Read Quality Control#
Read quality control is often the first step you perform in your analysis pipeline. You will have to tweak parameters depending on what you want to do with your data. E.g. if you want to assemble you data then low quality reads usually don’t harm the resulting assembly too much. If you want to call SNPs on your data then low quality reads will introduce a bias. Revisit your quality control pipeline regularly and tweak it to its purpose.
What is read quality control? It is an umbrella term that describes:
Removal of adapters
Removal of technical sequences, e.g. PhiX spikeins.
Removal of low quality reads from your samples
Removal of host sequences (Optional)
Additional steps depending on your data/usecase (Optional)
I have downloaded an example dataset from ENA that we will use as an input for QC. We will use bbduk for all steps of quality control. Please read the documentation [https://jgi.doe.gov/data-and-tools/bbtools/bb-tools-user-guide/bbduk-guide/](https://jgi.doe.gov/data-and-tools/bbtools/bb-tools-user-guide/bbduk-guide/) regarding parameters.
Raw data#
1$ ls /science/teaching/ecoli_wgs/raw/*fastq.gz
2SRR11669351_1.fastq.gz
3SRR11669351_2.fastq.gz
Both files have combined 9’081’282 reads and 1’353’839’100 bases (avg read length 149 bases)
Adapter removal#
Adapters are non-biological sequences that were ligated to the insert so that binding to the flowcell works. The Illumina software already removed adapters. But some are kept. We will remove these from the beginning/end of the sequence.
1ml BBMap/38.26-foss-2018b
2bbduk.sh -Xmx1G usejni=t threads=1 overwrite=t qin=33 in1=/science/teaching/ecoli_wgs/raw/SRR11669351_1.fastq.gz in2=/science/teaching/ecoli_wgs/raw/SRR11669351_2.fastq.gz ref=/science/teaching/ecoli_wgs/resources/adapters.fa ktrim=r k=23 mink=11 hdist=1 out1=/science/teaching/ecoli_wgs/qc/SRR11669351.noadapters_1.fastq.gz out2=/science/teaching/ecoli_wgs/qc/SRR11669351.noadapters_2.fastq.gz &> /science/teaching/ecoli_wgs/qc/SRR11669351.noadapters.log
Both files have combined 9’081’276 reads and 1’353’737’593 bases (avg read length 149 bases).
PhiX removal#
The known PhiX sequence is added to most Illumina sequencing runs to detect errors in sequencing (keyword Phasing). We remove sequences that are very likely PhiX. PhiX is normally removed by your sequencing center. Not finding PhiX is a good sign.
1bbduk.sh -Xmx1G usejni=t threads=1 overwrite=t qin=33 in1=/science/teaching/ecoli_wgs/qc/SRR11669351.noadapters_1.fastq.gz in2=/science/teaching/ecoli_wgs/qc/SRR11669351.noadapters_2.fastq.gz out1=/science/teaching/ecoli_wgs/qc/SRR11669351.noadapters.nophix_1.fastq.gz out2=/science/teaching/ecoli_wgs/qc/SRR11669351.noadapters.nophix_2.fastq.gz ref=/science/teaching/ecoli_wgs/resources/phix174_ill.ref.fa.gz k=31 hdist=1 &> /science/teaching/ecoli_wgs/qc/SRR11669351.noadapters.nophix.log
Both files have combined 9’081’276 reads and 1’353’737’593 bases (avg read length 149 bases).

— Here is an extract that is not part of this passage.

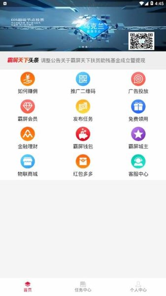 霸屏天下最新版是一款非常棒的分享赚钱软件,通过完成商家的任务来获取奖励,任务接取方式非常的简单,各种信息化资讯,转发收徒弟填写邀请码都能获得奖励,更多实用的特权礼包尽在极光下载站!

Low quality base/read removal#
This step removes sequences with low quality and/or low quality tails of sequences:
1bbduk.sh -Xmx1G usejni=t threads=1 overwrite=t qin=33 in1=/science/teaching/ecoli_wgs/qc/SRR11669351.noadapters.nophix_1.fastq.gz in2=/science/teaching/ecoli_wgs/qc/SRR11669351.noadapters.nophix_2.fastq.gz fastawrap=10000 out1=/science/teaching/ecoli_wgs/qc/SRR11669351.noadapters.nophix.qualitytrimmed_1.fastq.gz out2=/science/teaching/ecoli_wgs/qc/SRR11669351.noadapters.nophix.qualitytrimmed_2.fastq.gz minlength=45 qtrim=r maq=20 maxns=1 overwrite=t trimq=14 &> /science/teaching/ecoli_wgs/qc/SRR11669351.noadapters.nophix.qualitytrimmed.log
Both files have combined 8’763’956 reads and 1’312’057’099 bases (avg read length 149 bases).
Exercises#
Why is the adapter added to inserts? When removing adapters, will you remove the entire sequence or just a part of it?

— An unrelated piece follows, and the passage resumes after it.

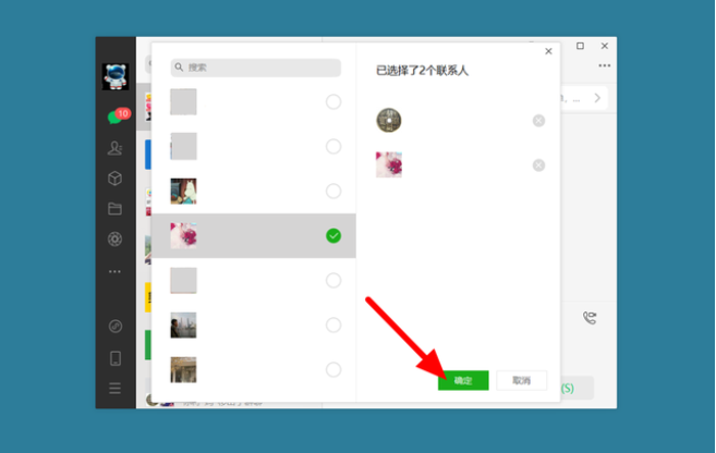 2、然后来到选择界面选择需要加群的好友,点击确定就创建群聊成功了。

Why is PhiX added to sequencing runs? When removing PhiX from your sequencing run, will you remove entire sequences or just parts of that sequences?
Why is the quality of Illumina sequencing data decreasing towards the end of the sequences?
Try to run the commands and change parameters for maq, k and trimq. What happens?
What is the fraction of reads/bases that made it through QC?